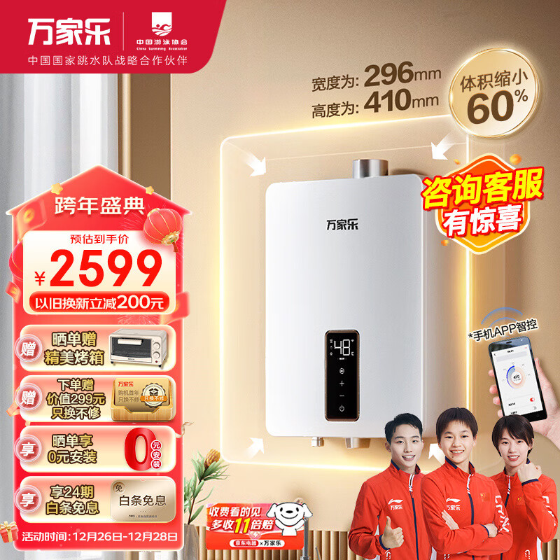 万家乐 16升燃气热水器恒温天然气下置风机A3纸小体积四季随温感APP智控智能防冻JSQ30-16RS20价格:2599.00元!
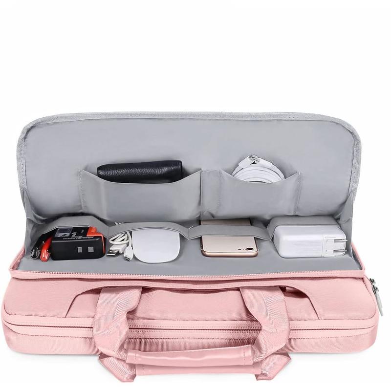 - Rymlig och organiserad förvaring: Har ett stort huvudfack för din bärbara dator, en ficka med dragkedja framtill för laddare, kablar och nycklar samt invändiga avdelare för att organisera dokument och andra viktiga saker.
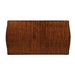 This gorgeous dining table features a rich cherry wood finish table top and molded trim, resting upon sturdy black tapered legs. The side chairs showcase contoured wood seats and slatted backs.
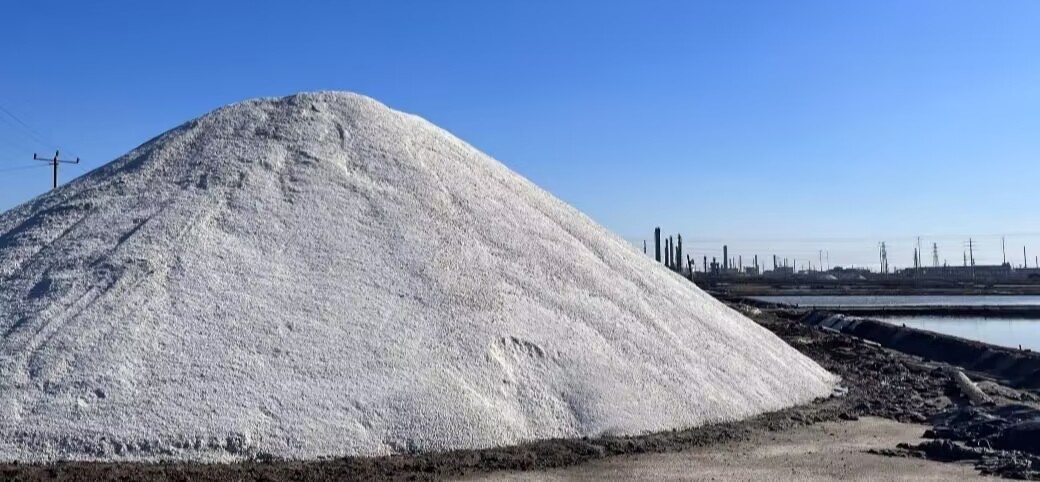 圖為鹽坨近景。中國青年網通訊員 郭明靖 供圖山東省壽光市北濱渤海萊州灣,擁有五百多平方公里的地下鹵水帶,同時日照時間充足,光照熱量豐富,優越的自然條件使得壽光成為我國最大的鹵水產鹽基地。制鹽工人郭師傅向實踐隊員詳細介紹了鹵水制鹽的過程,郭師傅說,制鹽最開始便是要修灘,用紅色磚塊將池底修葺整齊,不能漏水,隨后便會采集地下鹵水,通過制井,提取濃度高、水量大的鹵水,這一步叫上水,接下來利用自然條件曬灘,將井水濃縮成飽和鹵水,然后進行結晶,在春天的時候灌池,最后進行活碴,由兩個人各拉著繩索一端縱橫拉動,繩索在池底移動時帶動鹽粒活動,旺季的時候每日一次,淡季的時候隔日一次。
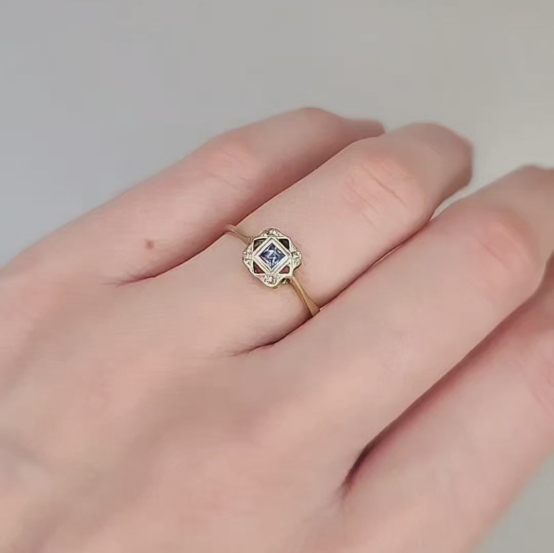 This exquisite antique Edwardian ring is masterfully crafted from polished 14k yellow gold and features a striking square-cut pale blue sapphire as its centerpiece. Intricate filigree detailing radiates from the center, accented by four brilliant 1mm diamonds delicately set at each cardinal point.
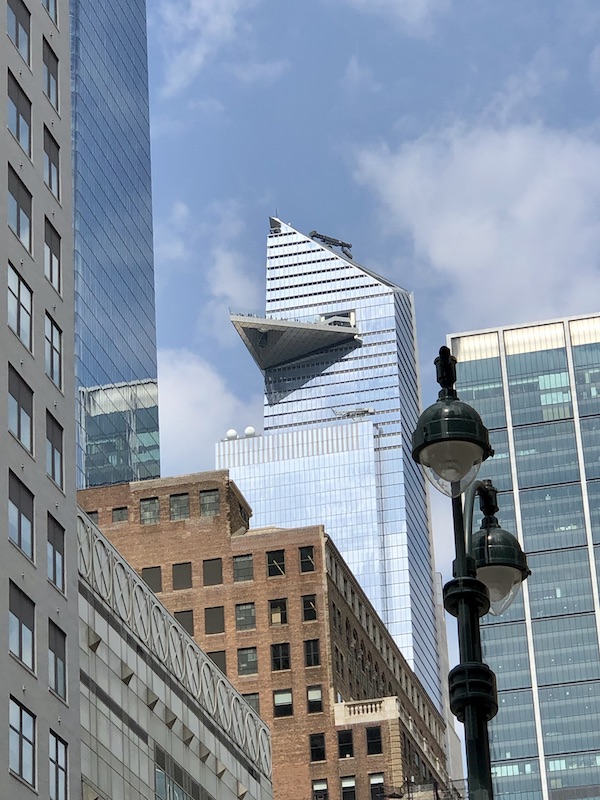 The Edge, from a distance. It is the triangle shaped platform in the photo. You can of course pay money to go up there and enjoy the views (some of us did, but I declined). Read more at: https://en.wikipedia.org/wiki/30_Hudson_Yards. Here is a look at the observation deck which includes a glass floor you can stand on. You can also climb part of the top in an attraction called “City Climb at Edge”, which is the highest open-air building ascent. Hmm.
= = =
**Problem:** Skip the pictures, please, and transcribe only the lines from the beginning of the material through the one that contains "This exquisite antique".

**Task solution:**
 万家乐 16升燃气热水器恒温天然气下置风机A3纸小体积四季随温感APP智控智能防冻JSQ30-16RS20价格:2599.00元!
 - Rymlig och organiserad förvaring: Har ett stort huvudfack för din bärbara dator, en ficka med dragkedja framtill för laddare, kablar och nycklar samt invändiga avdelare för att organisera dokument och andra viktiga saker.
 This gorgeous dining table features a rich cherry wood finish table top and molded trim, resting upon sturdy black tapered legs. The side chairs showcase contoured wood seats and slatted backs.
 圖為鹽坨近景。中國青年網通訊員 郭明靖 供圖山東省壽光市北濱渤海萊州灣,擁有五百多平方公里的地下鹵水帶,同時日照時間充足,光照熱量豐富,優越的自然條件使得壽光成為我國最大的鹵水產鹽基地。制鹽工人郭師傅向實踐隊員詳細介紹了鹵水制鹽的過程,郭師傅說,制鹽最開始便是要修灘,用紅色磚塊將池底修葺整齊,不能漏水,隨后便會采集地下鹵水,通過制井,提取濃度高、水量大的鹵水,這一步叫上水,接下來利用自然條件曬灘,將井水濃縮成飽和鹵水,然后進行結晶,在春天的時候灌池,最后進行活碴,由兩個人各拉著繩索一端縱橫拉動,繩索在池底移動時帶動鹽粒活動,旺季的時候每日一次,淡季的時候隔日一次。
 This exquisite antique Edwardian ring is masterfully crafted from polished 14k yellow gold and features a striking square-cut pale blue sapphire as its centerpiece. Intricate filigree detailing radiates from the center, accented by four brilliant 1mm diamonds delicately set at each cardinal point.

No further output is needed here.